References: 02-11-059 02-11-083 02-11-100 02-11-109
Keywords: design
Posted-Date: 24 Nov 2002 01:26:25 EST

Charles Bryant <r368714668.ch@chch.demon.co.uk> wrote:
><thp@cs.ucr.edu> wrote:
>> Agreed. It's as though the compiler is continually giving an
>> impromptu quizzes to the programmer, [...]
>However the compiler is acting on behalf of all the future maintenance
>programmers who would be quizzing the original programmer if only they
>could travel back in time.


I think there is a danger of assuming that all programs fit
one familiar model. Your environment may be one in which the needs of
maintenance programmers are important. Mine is not. It used to be;
especially from the point of view that my maintenance programmer could
be me, six months down the line when I've forgotten how the code
worked. But these days, my programs are usually small run-once
thinggies, or small do-some-simple-task thinggies, and they will
never be "maintained" in the way that an operating system is.
Increasingly, my big "programs" in fact consist of bundles of shell
scripts with occasional diddy-C stuff mixed in.

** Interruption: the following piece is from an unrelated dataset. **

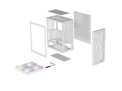 Typ skrine: Midi Tower Formát základnej dosky: ATX Micro-ATX Mini-ITX Kompatibilný štandardný napájací zdroj: ATX Montáž napájacieho zdroja: Spodná časť Maximálna dĺžka zdroja napájania: 215 mm Maximálna výška chladenia CPU: 168 mm Maximálna dĺžka grafickej karty GPU: 351 mm I/O panel: Mini jack x2 USB 3.0 Typ-A x2 USB 3.1 Gen2 Typ-C x1 Typ bočného panelu: Tvrdené sklo Typ predného panelu: Sieťka Počet inštalovaných ventilátorov: 4 Inštalované ventilátory: Predné 3x 120 mm Zadné 1x 120 mm Maximálny počet ventilátorov: 8 Podpora pre inštaláciu ventilátorov - spodná časť: 2x 120 mm Podpora pre inštaláciu ventilátorov - horná časť: 2x 120 mm 2x 140 mm Podpera pre inštaláciu ventilátorov - predná strana: 3x 120 mm 3x 140 mm Podpora pre inštaláciu ventilátorov - zadná časť: 1x 120 mm Rýchlosť otáčania ventilátorov +/-10 %: 1200 otáčok za minútu Životnosť ventilátora: 50000 h Prietok vzduchu ventilátorom: 43 CFM Statický tlak ventilátora: 0,95 mmH2O Hlučnosť ventilátora: 21,6 dB Podpora kvapalinového chladenia: Áno chladenie - horná časť: 120 mm 140 mm 240 mm 280 mm Podpera pre inštaláciu kvapalinového chladenia - predná časť: 120 mm 140 mm 240 mm 280 mm 360 mm 420 mm Podpera pre inštaláciu kvapalinového chladenia - ANO: ARGB Súčasti podsvietenia: Ventilátory Možnosť ovládania RGB pomocou základnej dosky: 2+1 pin 5V ARGB Asrock Polychrome Sync 2+1 pin 5V ARGB Asus Aura Sync 2+1 pin 5V ARGB Gigabyte RGB Fusion 2.0 MSI (Mystic Light) slotov: 7 Počet pozícií pre disky 2,5" (SSD/HDD): 3 Počet 3,5" pozícií pre disky (SSD/HDD): 2 Kryt zdroja napájania: Áno Napájací zdroj je súčasťou dodávky: Nie Ochrany: Magnetické prachové filtre Materiál: ABS, Oceľ, Tvrdené sklo Farba: Biela Dĺžka: 420 mm Šírka: 217 mm Výška: 466 mm Hmotnosť: 7,1 kg Dodávané príslušenstvo: Užívateľská príručka Sada montážnych prvkov

Am I unusual [in this respect!]? I've no idea. Of course,
I'm not writing commercial packages. I'm also not paying real money
for the compilers and operating systems I use, so perhaps I have no
"right" to an opinion. Bleeagh.


> Properly used, things like declarations
>help to distinguish between what code was intended to do and what it
>happens to do as an unintentional side-effect.


As it happens, I'm in favour of declarations in "serious"
programming languages [and against them in shell scripts]. But I'm
unconvinced that they are even part of this software-engineering
argument; "int i;" does not tell me what code using "i" is intended to
do, only what may be done with it in a legal program. Properly used,
comments, assertions and other devices may be used to distinguish
these things. The difference is that, in C, declarations are
compulsory while comments and assertions are optional. I'm certainly
not saying that's a bad thing; I'm not even sure that Tom was. But if
you insist on everyone using hammers, while screwdrivers and drills
are optional, then nails come to be preferred to screws. Or
something.


--
Andy Walker, School of MathSci., Univ. of Nott'm, UK.